But as it turns out, it’s a pretty good guilty pleasure of a show. The actors have a male-bonding rapport that’s funny and even rather sweet, and the celebrity cameos are often amusing.

That said, the show would be nothing without the human whirlwind that is Jeremy Piven.

Piven has been knocking around movies and TV since the ‘80s as a reliable comic character actor, but it’s the role of talent agent Ari Gold that has made him a star. Ari is constantly in motion, scrambling here and there to keep his clients happy and maintain his own advantage. He’s constantly talking, too, buttering up those above him and intolerably insulting those below in the same emphatic, declarative voice, edged with controlled impatience and punctuated by the occasional angry bellow.

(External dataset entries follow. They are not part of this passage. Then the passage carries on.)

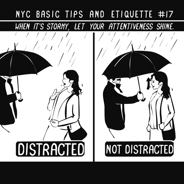 Umbrella etiquette can save lives. Well... Maybe not literally, but it can prevent unwarranted stab wounds.
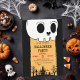 Summon your guests to an unforgettable bash with this spooky Halloween party invitation! Perfect for a haunted house rave, costume party extravaganza, or kid friendly spooky soiree, this design captures the eerie magic of the season featuring a big skeleton skull and a haunted graveyard with fluttering bats at the bottom.
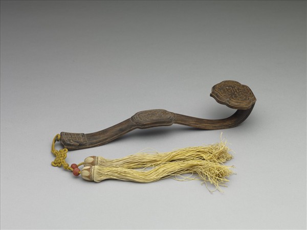 二鑲式如意,如意雲葉式首浮雕五福捧壽紋;柄中央呈長橢圓而四隅凹,浮雕卍字和雙魚;趾成梯形,雕囍一字;首與柄榫接,背光素。趾端繫黃雙穗、飾結。
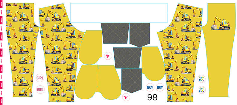Takoy Panel szabásmintával 98 softshell nadrágra kotrógépek sárga

His bustling, jabbering manner is like a survival skill in the showbiz jungle; he displays his energy and intelligence and verbal confidence like a bird displaying its plumage or a tiger displaying its fangs. Neither Ari’s flattery nor his abuse is taken personally by those around him; that’s what makes Piven so funny in the role. What makes it more than an easy Hollywood caricature is that the actor also lets you see Ari’s underlying conscience, his capacity for affection, and his surprisingly fierce, if selectively applied, sense of integrity.

Piven plays the lead in The Goods: Live Hard, Sell Hard. Indeed, it’s the title role: Don “The Goods” Ready, an itinerant car salesman who, with his ragtag team of car-lot carpetbaggers (David Koechner, Ving Rhames, Kathryn Hahn), descends upon a past-its-prime dealership in Temecula, California for a Fourth-of-July weekend sale designed to save the owner (James Brolin) from the clutches of his competitors (Alan Thicke and Ed Helms).

There’s not much to say about this shapeless, shameless, absolutely-anything-whatsoever-for-a-laugh farce, except that it has a touching faith in the entertainment value of vulgarity. There are two scenes set at strip clubs, and these two scenes are largely where the exposition gets delivered; they seem oddly less raunchy and foul-mouthed than the rest of the movie.

There are quite a few talented and likable performers in the cast, but Piven is center stage here, and he sticks with what works. Don Ready is pretty much Ari Gold of Entourage in shabbier clothes, with a worse haircut. That’s not necessarily a bad thing. Piven delivers his lines exactly the same way, and they give the same pleasure, the pleasure of being “worked” by a con artist who truly is an artist.

Watching The Goods, some may recall a much better movie, the splendidly silly and vulgar Robert Zemeckis comedy Used Cars. Filmed in Mesa, this 1979 release pitted two dealerships against each other, both dishonest, but one run by likable hustlers (led by Kurt Russell) and the other by uncouth brutes (led by Jack Warden).

The plot isn’t the same as that of The Goods, but the admiring fondness for the art of slinging the bull is. Piven would have been great in the film.